Repenser notre modèle alimentaire : des solutions inspirées d’ailleurs
Le Maroc n’est pas seul dans cette lutte. Plusieurs pays ont mis en place des politiques audacieuses. En France par exemple, le Nutri-Score, étendu aux publicités alimentaires depuis 2023, guide les consommateurs vers des choix plus sains (Santé Publique France, 2025). Des taxes ont été imposées sur les sodas au Mexique ; au Chili les publicités pour la malbouffe destinées aux enfants ont été interdites. Ces initiatives montrent qu’un changement est possible.
Mais la transformation ne peut être uniquement législative. Elle doit aussi être culturelle. Encourager les repas faits maison, valoriser la cuisine traditionnelle, reconnecter les familles aux produits locaux, développer des potagers scolaires, et intégrer l’alimentation dans les programmes éducatifs, autant d’outils pour reconstruire un lien sain, durable et souverain à la nourriture.
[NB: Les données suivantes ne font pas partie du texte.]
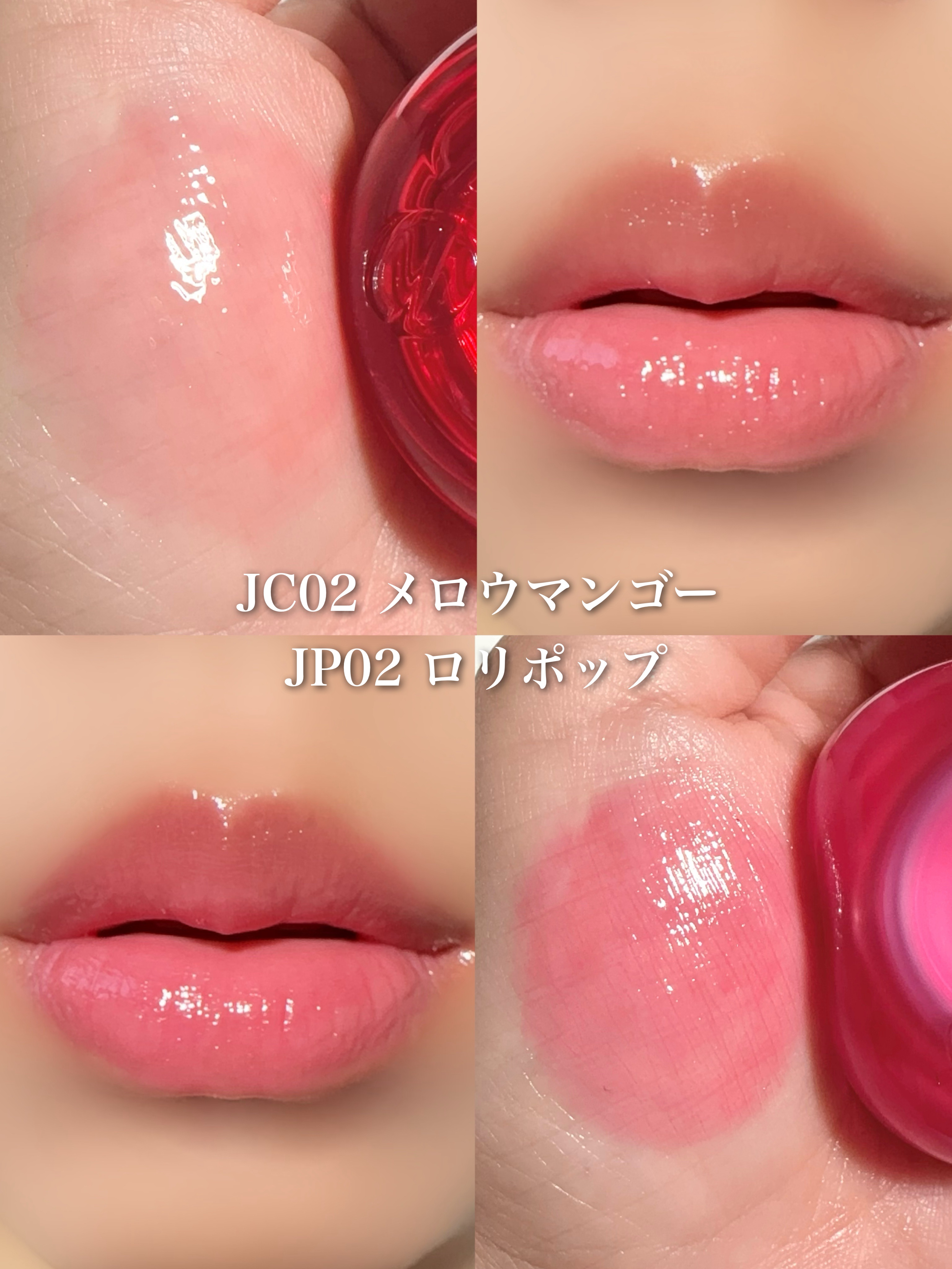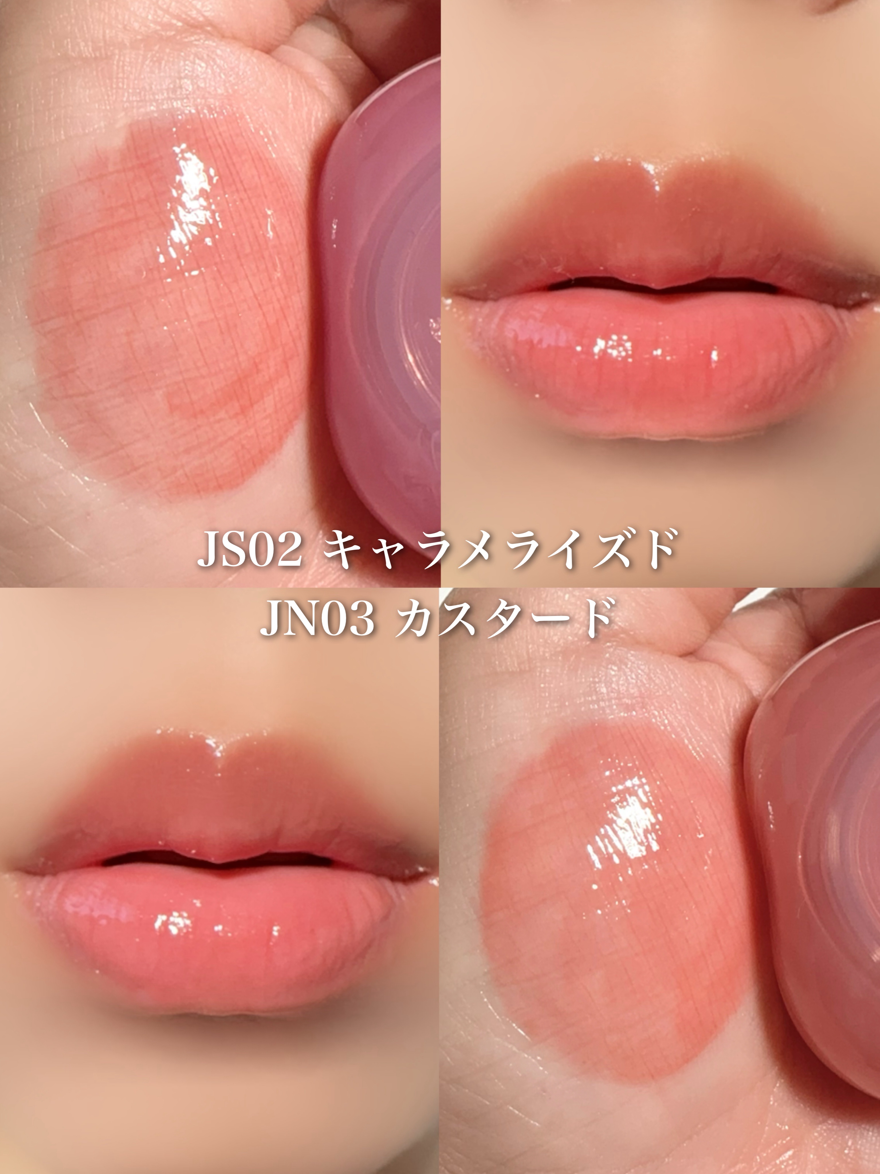 ねっちょりボリューム感あるテクスチャーだけど、ベタつきなく使いやすい。 ティントじゃない普通のグロスだから色もちは良くない。 発色ナチュラルだからこれだけでもいいけど、他のリップと合わせても可愛い!!

La malbouffe est bien plus qu’un désordre alimentaire, c’est un problème de société, qui touche à la santé publique, à la culture, à l’économie et à l’environnement.
La journée mondiale de la malbouffe 2025 rappelle qu’il est temps pour le Maroc de passer d’une prise de conscience à une véritable stratégie nationale, collective et durable, conciliant santé, équité sociale et préservation de l’environnement. Si les engagements RSE des géants agroalimentaires progressent, leur mise en œuvre reste lente. Les consommateurs, par leurs choix, et les gouvernements, via des réglementations plus strictes ont un rôle clé à jouer dans cette transition. Comme le souligne le "World Economic Forum" (2025), repenser notre système alimentaire est indispensable pour atteindre les objectifs de développement durable (ODD) des Nations Unies.